Бумаги, что мать велела, Элайна подписала не глядя. Элайна – человек добрый, как мать хочет, так пускай и будет. Элайна и в Калгари ничего особенно дурного не сделала. Мать в ночь на работу ушла, Элайна с малышом осталась, спать его уложила. Потом стало скучно – пошла погулять.
А мать из мухи слона сделала. «Ты преступница, ты чужая, я не верю, что ты моя дочь!» – визжала, не помня себя (сама же про соседей говорила, что в полицию за шум пожалуются). Била Элайну хоть и словами, но насмерть.
И за что?! Майкл прекрасно спал, и если б мать не разоралась, так бы и спал до утра. А утром же Элайна вернулась? Вернулась! В чем проблема?

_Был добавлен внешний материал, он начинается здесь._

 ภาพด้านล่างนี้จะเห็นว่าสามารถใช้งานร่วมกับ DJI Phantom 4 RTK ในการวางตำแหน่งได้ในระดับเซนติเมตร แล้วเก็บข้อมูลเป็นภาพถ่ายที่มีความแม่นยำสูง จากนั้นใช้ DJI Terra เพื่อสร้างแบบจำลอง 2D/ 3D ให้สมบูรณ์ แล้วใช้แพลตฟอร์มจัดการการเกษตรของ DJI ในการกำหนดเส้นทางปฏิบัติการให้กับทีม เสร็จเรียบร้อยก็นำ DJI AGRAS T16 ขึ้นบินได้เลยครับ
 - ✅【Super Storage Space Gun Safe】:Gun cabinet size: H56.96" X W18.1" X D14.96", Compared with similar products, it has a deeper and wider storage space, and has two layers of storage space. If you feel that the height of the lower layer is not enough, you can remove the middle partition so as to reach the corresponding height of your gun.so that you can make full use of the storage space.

Мать сама не живет и другим не дает, а работать ночью побежала от жадности! От жадности, от жадности! Так Элайна матери и сказала.

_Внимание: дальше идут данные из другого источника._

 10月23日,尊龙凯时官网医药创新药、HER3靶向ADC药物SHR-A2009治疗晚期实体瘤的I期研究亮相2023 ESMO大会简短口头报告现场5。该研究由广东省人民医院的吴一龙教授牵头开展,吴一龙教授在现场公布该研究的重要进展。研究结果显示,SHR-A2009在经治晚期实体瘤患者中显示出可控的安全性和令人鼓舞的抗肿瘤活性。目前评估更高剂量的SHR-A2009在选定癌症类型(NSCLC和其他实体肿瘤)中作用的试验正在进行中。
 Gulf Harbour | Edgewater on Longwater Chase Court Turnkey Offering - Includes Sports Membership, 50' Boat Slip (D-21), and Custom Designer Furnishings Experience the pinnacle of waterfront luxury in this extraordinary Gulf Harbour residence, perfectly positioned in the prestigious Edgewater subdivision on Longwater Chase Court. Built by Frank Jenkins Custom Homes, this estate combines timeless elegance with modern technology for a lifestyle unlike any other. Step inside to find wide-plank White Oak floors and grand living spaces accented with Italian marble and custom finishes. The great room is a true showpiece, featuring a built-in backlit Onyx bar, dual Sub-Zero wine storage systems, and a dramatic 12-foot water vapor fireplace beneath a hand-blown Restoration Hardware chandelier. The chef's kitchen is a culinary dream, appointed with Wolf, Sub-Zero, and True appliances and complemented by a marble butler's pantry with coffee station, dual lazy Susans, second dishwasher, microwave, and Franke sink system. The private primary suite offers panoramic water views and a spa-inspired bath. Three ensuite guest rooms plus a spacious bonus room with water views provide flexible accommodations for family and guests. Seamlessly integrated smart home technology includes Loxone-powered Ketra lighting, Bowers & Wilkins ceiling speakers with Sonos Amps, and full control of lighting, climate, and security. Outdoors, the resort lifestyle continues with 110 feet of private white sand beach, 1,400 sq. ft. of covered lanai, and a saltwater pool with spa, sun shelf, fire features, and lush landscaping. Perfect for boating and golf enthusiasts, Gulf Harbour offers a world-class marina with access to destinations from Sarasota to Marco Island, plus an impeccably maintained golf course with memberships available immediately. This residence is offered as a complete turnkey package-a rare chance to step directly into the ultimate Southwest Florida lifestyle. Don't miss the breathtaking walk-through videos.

И мать ей ответила: «Хватит». Тебе, мол, девятнадцать лет – не четырнадцать и не семнадцать. Мол, руку, заживо гниющую, отсекают.
А Клод сказал по телефону, что мать просто Элайне завидует, потому что Элайна создана для наслаждений и встретила мужчину, который способен ей эти наслаждения подарить, а ее престарелая маман ничего подобного ни разу в жизни не испытала. И Элайна вернулась в Монреаль. И даже ни о чем не вспоминает.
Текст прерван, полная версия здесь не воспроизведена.